Así pues, se decidió. En un principio la extraña distribución interior de la vivienda le desconcertó, pero al cabo logró hacerse una idea de la lógica alienígena. Esto debía ser el salón -no había vestíbulo- desde donde se abrían los huecos -tampoco había puertas, ni tan siquiera cortinas- que conducían al resto de las habitaciones. Un -probablemente- dormitorio, otro dormitorio, algo que parecía ser un trastero, un cuarto de baño -lo dedujo por el olor-... pero ¿dónde estaba la cocina?

Debía ser allí, aunque no dejaba de ser extraña. De pequeño tamaño, poco más que un cubículo, contaba por único mueble una especie de hornacina rodeada por lo que parecían ser unos radiadores. Y en medio de todo un huevo... un hermoso huevo algo más pequeño que los de avestruz que con toda probabilidad estaba destinado a ser el almuerzo de los habitantes de la casa.

A Sindulfo se le hizo la boca agua. Sin duda, pensó, se trataba de una especie de horno microondas donde se cocinaban los alimentos.

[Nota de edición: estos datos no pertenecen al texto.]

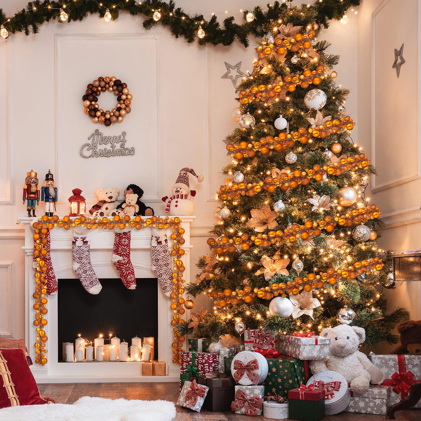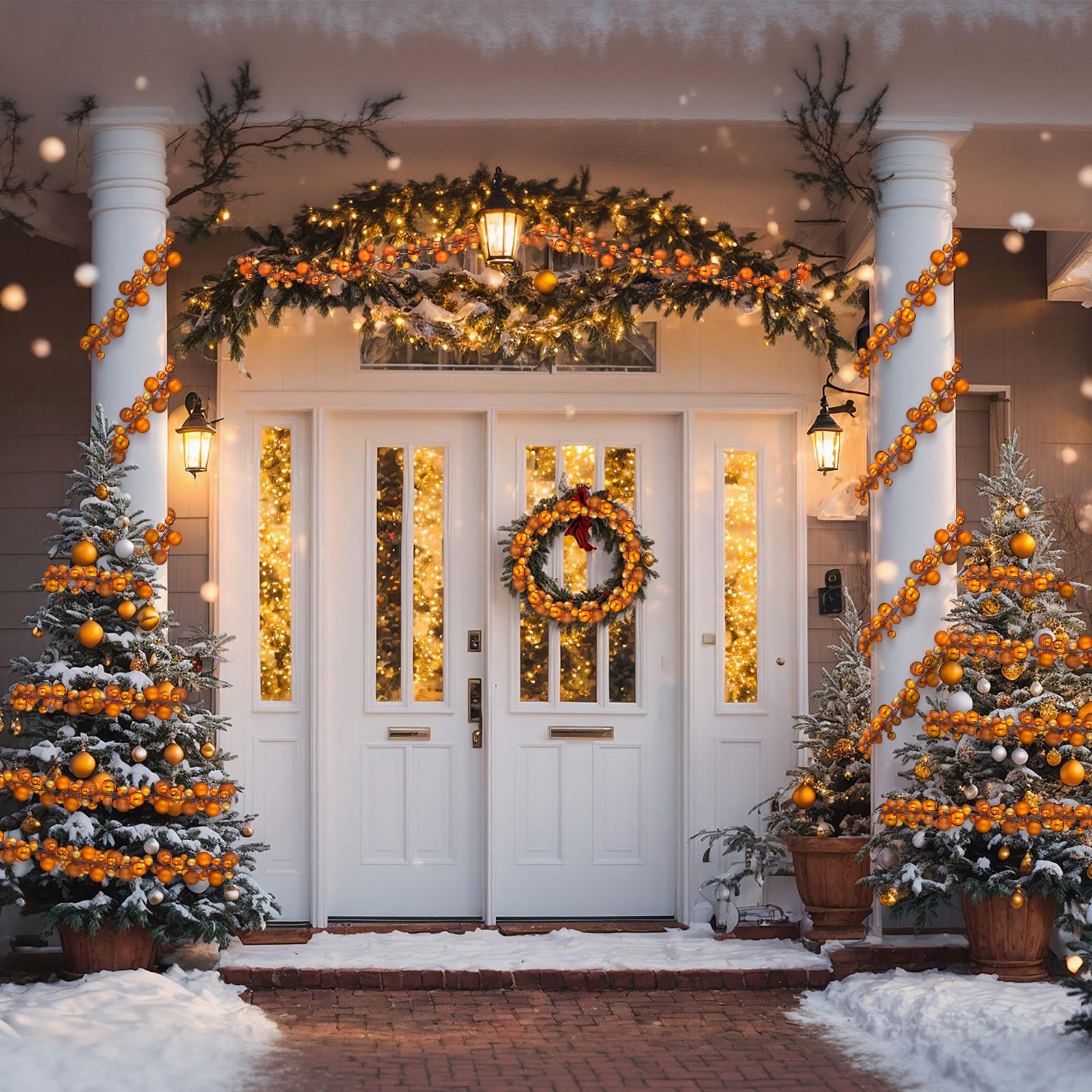 Elegance and Shine: our Christmas garlands come in a dazzling orange color to brighten up your festive atmosphere; Each bulb on the garland varies in size and offers a delicate shimmer, showcasing an exquisite and appealing design; These traditional colored garlands are ideal for Christmas settings and their vibrant orange will help create a lively and radiant Christmas decor theme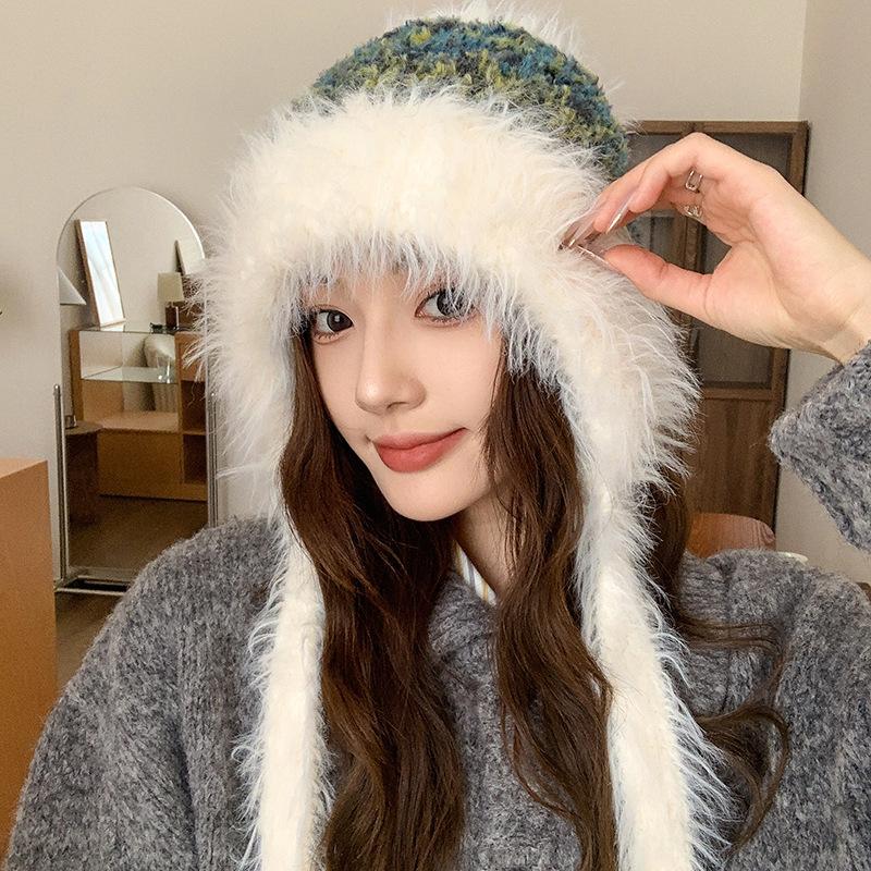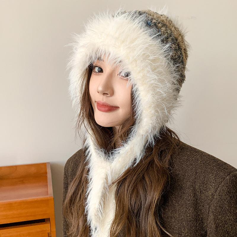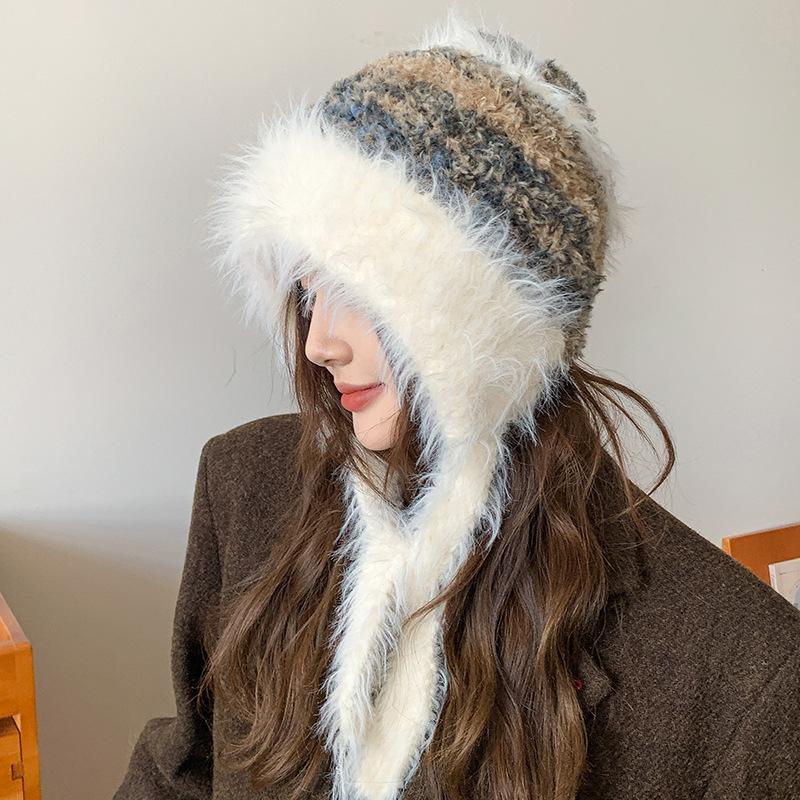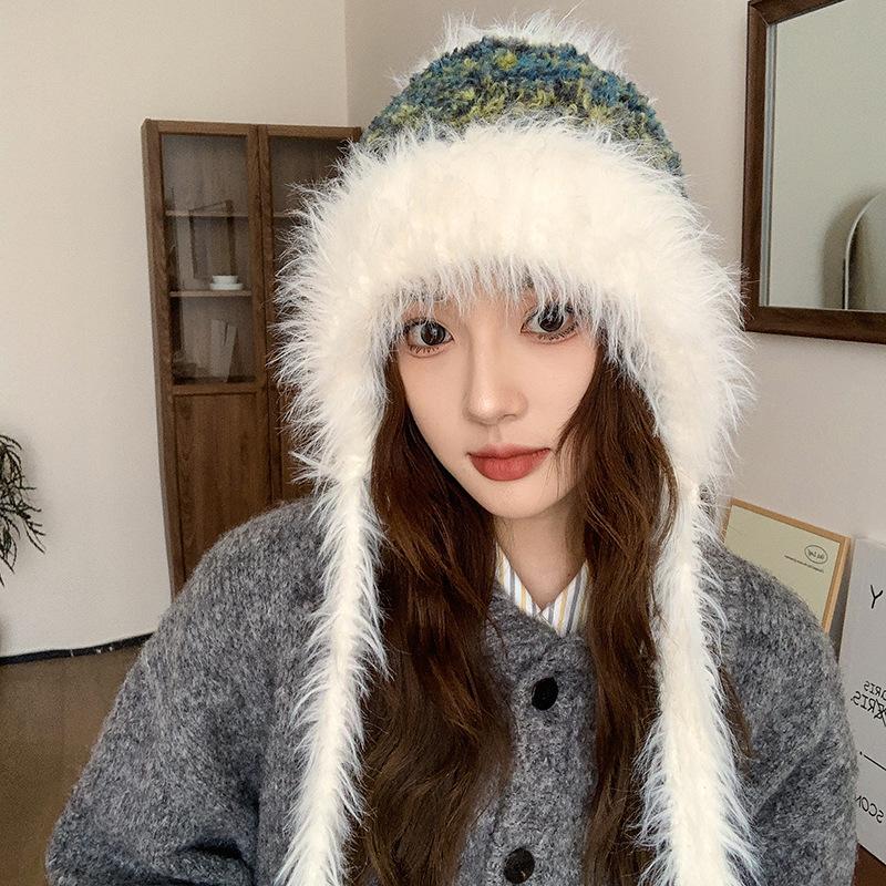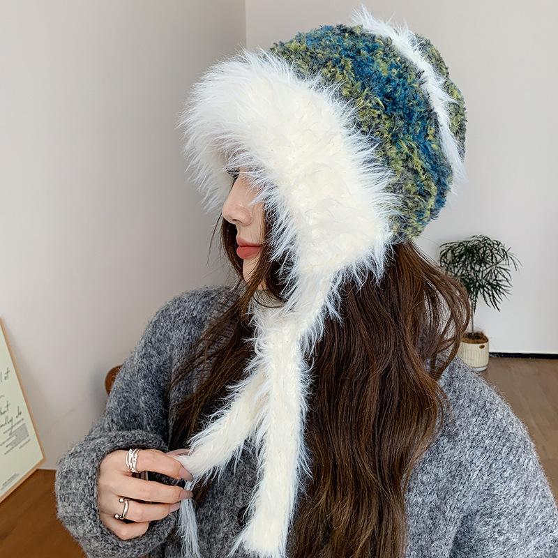 Gorro tejido de lana retro colorido de moda con vendaje de bola de lana para mujer, otoño e invierno, grueso, a prueba de frío, cálido, con protección para las orejas, gorro de lana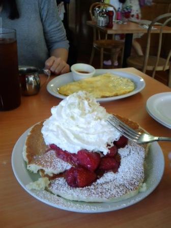 しかしこのボリューム!!これは奥に写っているオムレツについてくるパンケーキにホイップとストロベリーのトッピングを追加注文したバージョン。オムレツ+パンケーキ3枚で一人前です…。当然、1人前を二人で分けました(笑)ちなみに、パンケーキのみを注文すると5枚出てくるらしい!(ひい!)すんごいおいしいけど、一人で5枚は絶対食べきれんと思う…。

Tocó la cáscara del huevo, vio que estaba tibia y, sin pensárselo dos veces, arrambló con él abandonando la casa no sin dejar un puñado de monedas encima de una mesa a modo de pago. Ya en el exterior se le planteó el problema de abrirlo: según todos los indicios la cáscara debía ser bastante dura.

Lo solucionó golpeándolo por un extremo contra la pared. La cáscara resultó no ser tan dura como pensaba aunque sí un tanto correosa, y finalmente se resquebrajó. Ayudándose con la navaja abrió un hueco suficientemente grande y sorbió golosamente su contenido, sin importarle que estuviera prácticamente crudo.

El sabor le resultó extraño, aunque no repulsivo, pero su estómago no sólo no rechazó el alimento sino que cesó en sus protestas.

-“Bueno, ya está hecho -musitó satisfecho-. Ahora a la nave y a esperar que lleguen”.

Estaba buscando donde arrojar la cáscara vacía cuando vio acercarse una pareja de alienígenas, con toda probabilidad los ocupantes de la vivienda. Aguardó a que llegaran para darles explicaciones y mostrarles sus disculpas, pero lo que no esperaba en absoluto fue el gesto de horror -pese a las diferencias anatómicas y culturales resultó patente- que apareció en sus rostros cuando le descubrieron, todavía con la cáscara rota en una de las manos.

Inmediatamente, y para sorpresa suya, dieron la vuelta y echaron a correr sin que sus requerimientos lograran detenerlos. Encogiéndose de hombros, pero con la conciencia de no haber hecho nada malo, se encaminó a la astronave distante apenas un kilómetro.

Cuando llegó, vio que los noidios a quienes esperaba ya estaban allí. Pero, extrañamente, no tenían aspecto de técnicos -a éstos, que solían diferenciarse poco de un planeta a otro, los conocía bien- sino de...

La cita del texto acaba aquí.